BRIEF
The entries that follow include a run beginning at the line with "- 주문번호, 고객 ID, 상품명, 수량, 금액, 주문일시, 픽업시간 조회" and ending at the line with "RegestoDinanzi a ser"; restate that run word for word and leave the rest out.

DATASET CONTENT
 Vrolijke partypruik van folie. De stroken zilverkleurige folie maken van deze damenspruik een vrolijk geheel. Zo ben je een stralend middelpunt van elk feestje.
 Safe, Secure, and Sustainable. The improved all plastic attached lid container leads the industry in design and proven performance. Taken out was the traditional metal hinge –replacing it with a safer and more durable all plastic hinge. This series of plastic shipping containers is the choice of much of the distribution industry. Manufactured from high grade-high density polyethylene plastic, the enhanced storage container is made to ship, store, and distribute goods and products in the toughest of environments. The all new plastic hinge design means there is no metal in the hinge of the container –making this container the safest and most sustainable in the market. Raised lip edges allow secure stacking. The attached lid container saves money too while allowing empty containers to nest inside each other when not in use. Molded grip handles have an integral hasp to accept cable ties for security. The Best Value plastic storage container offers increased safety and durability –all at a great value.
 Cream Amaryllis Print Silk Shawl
...
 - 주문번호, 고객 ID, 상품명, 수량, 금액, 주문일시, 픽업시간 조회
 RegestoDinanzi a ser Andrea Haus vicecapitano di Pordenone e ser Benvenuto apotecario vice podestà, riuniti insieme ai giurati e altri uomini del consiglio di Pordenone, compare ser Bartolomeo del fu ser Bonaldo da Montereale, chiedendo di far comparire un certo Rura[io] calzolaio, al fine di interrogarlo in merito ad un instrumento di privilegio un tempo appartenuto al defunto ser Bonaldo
* * *
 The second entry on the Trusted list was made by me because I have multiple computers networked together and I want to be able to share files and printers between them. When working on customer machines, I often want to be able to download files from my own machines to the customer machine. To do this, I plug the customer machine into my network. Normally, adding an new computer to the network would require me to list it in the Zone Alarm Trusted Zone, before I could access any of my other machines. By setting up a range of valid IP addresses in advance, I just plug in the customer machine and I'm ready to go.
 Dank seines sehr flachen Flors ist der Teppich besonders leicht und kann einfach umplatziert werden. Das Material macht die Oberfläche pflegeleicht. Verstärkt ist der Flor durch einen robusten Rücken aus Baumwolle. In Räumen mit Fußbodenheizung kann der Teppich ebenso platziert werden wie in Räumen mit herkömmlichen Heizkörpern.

EXERCISE RESULT
 - 주문번호, 고객 ID, 상품명, 수량, 금액, 주문일시, 픽업시간 조회
 RegestoDinanzi a ser Andrea Haus vicecapitano di Pordenone e ser Benvenuto apotecario vice podestà, riuniti insieme ai giurati e altri uomini del consiglio di Pordenone, compare ser Bartolomeo del fu ser Bonaldo da Montereale, chiedendo di far comparire un certo Rura[io] calzolaio, al fine di interrogarlo in merito ad un instrumento di privilegio un tempo appartenuto al defunto ser Bonaldo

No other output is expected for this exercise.